In its initial stage, the Indian seed industry consisted primarily of two national organizations. The National Seeds Corporation was established in 1963, and for about 13 years, it was the main organization in charge of the production and marketing of commercial seeds (1). NSC was assisted by the Rockefeller Foundation and USAID in its mission of quality control and training in seed production. A second national agency, the States Farms Corporation of India Limited (SFCL), was formed in 1969 with the mandate of producing breeder, foundation, and certified seeds of high yielding varieties. With its 12 large mechanized farms located in 8 different states, the SFCL continues to be the largest seed-producing agency in the country.
In the 1970’s and 1980’s, 13 State Seeds Corporations were formed on the model of the Terai Seed Development Corporation as a joint effort of the G. B. Pant Agricultural University in Uttar Pradesh and the World Bank, which financed two successive National Seed Projects in 1977 and 1978 (2). The SSC largely took over the role of the NSC in individual states. As Bharat Dogra points it out, the Indian seed sector has been and continues to be dependent on foreign funds and inputs for its development. For instance, Jonhson E. Douglas - a former seed specialist with the Rockefeller Foundation - played a major role in orienting India’s seed programme in the 1960’s (3). And recently, in 1990-91, National Seed Project III was launched thanks to a third World Bank loan. Its thrust was to upgrade the efficiency and infrastucture of the public seed sector (the NSC, SFCL, SSC, as well as the Seed Certification Agency, and the Central and State Seed Testing Laboratories). World Bank loans are not ’neutral’, and the restructuration of the seed sector is highly imbued with concepts of cost efficiency and rational investment.

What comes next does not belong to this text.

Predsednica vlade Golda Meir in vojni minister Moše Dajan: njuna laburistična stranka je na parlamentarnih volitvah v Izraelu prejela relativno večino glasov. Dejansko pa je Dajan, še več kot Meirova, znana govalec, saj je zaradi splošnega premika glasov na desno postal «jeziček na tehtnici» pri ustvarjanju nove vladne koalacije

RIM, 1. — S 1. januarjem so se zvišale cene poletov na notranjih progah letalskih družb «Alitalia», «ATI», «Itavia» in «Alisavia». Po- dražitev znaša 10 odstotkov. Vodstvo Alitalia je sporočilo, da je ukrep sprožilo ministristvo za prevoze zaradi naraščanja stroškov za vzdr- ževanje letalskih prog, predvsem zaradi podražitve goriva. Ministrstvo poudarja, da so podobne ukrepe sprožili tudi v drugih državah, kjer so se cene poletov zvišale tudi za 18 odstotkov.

The main task of the public sector today lies in meeting the national seed requirement for high volume, low value crops like self-pollinated crops such as rice or wheat. These seeds are supplied at fixed rates (determined by the government), and the NSC and SSC have incurred major deficits, because fixed prices do not always reflect the actual costs of production, processing, and distribution.
Private seed firms slowly emerged throughout the 60’s and the 70’s, with a number of them benefitting from NSC’s technical assistance. Many of these firms have developed their own breeding programmes, and released inbred improved cultivars. Firms set their own prices for their own hybrid varieties of crops such as pearl millet, sunflower, cotton, sorghum, and maize. These private hybrids represent an important share of the market for these crops. For public-bred varieties, private companies have to respect fixed government prices.

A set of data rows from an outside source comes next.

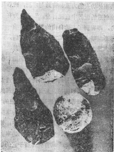
图1 旧石器时代丁村文化石器

所未有的。根据著名考古学家贾兰坡先生的研究和推断，这些石球（数量约1500枚）是属于狩猎用的武器。它的出现，既是一个应用的过程，即人们在长期的狩猎实践中发现：圆形的石头在投掷时较之不规则的块状石头更易于准确迅速地击中目标，也是
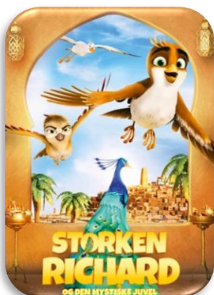
1 time 25 min. 19.1.2025
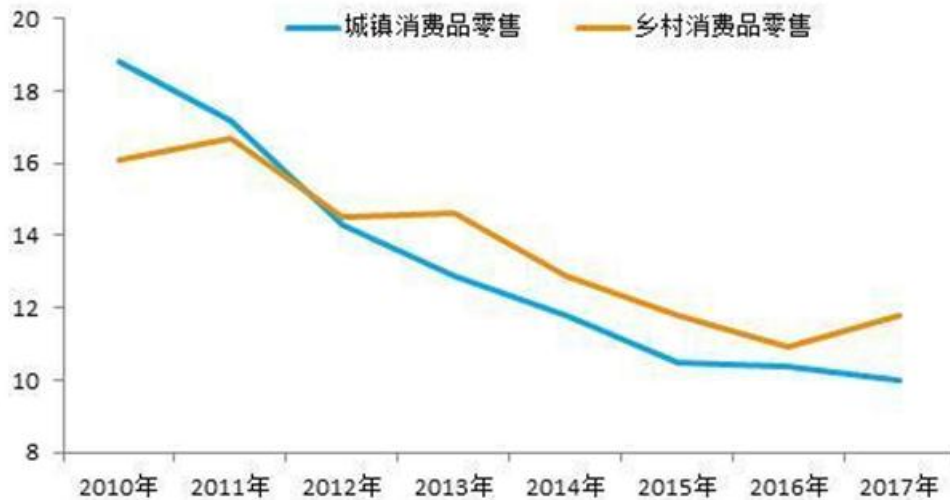
图 4 乡村消费开始甩开城镇消费

The production of hybrid seeds is to a large extent the prerogative of the private sector. Of all improved cutivars bred and marketed by private companies until 1993, nearly 70% were hybrids. Since hybrid seeds can not be multiplied in farmers’ fields, they must be bought from the company every time they are raised. This high seed replacement rate ensures firms good sales. That is not the case with high yielding varieties of crops like wheat or rice, for which the replacement rate fluctuates between 9 and 14%.
Apart from hybrids, the private sector is also largely involved in the commercialization of low volume, high value crops such as vegetable seeds.
With some 500 companies of various sizes, 24 of which with links to multinationals, the private sector contributes a little less than 50% of the commercial seed requirement for the country today.
In the recent years, partly as a consequence of the reduction of barriers on the entry of foreign firms and large Indian conglomerates into the seed industry (dating from1986), many joint ventures between foreign and Indian firms have entered the seed market. Private sector research is also fast expanding, with investments in research tripling between 1986 and 1995.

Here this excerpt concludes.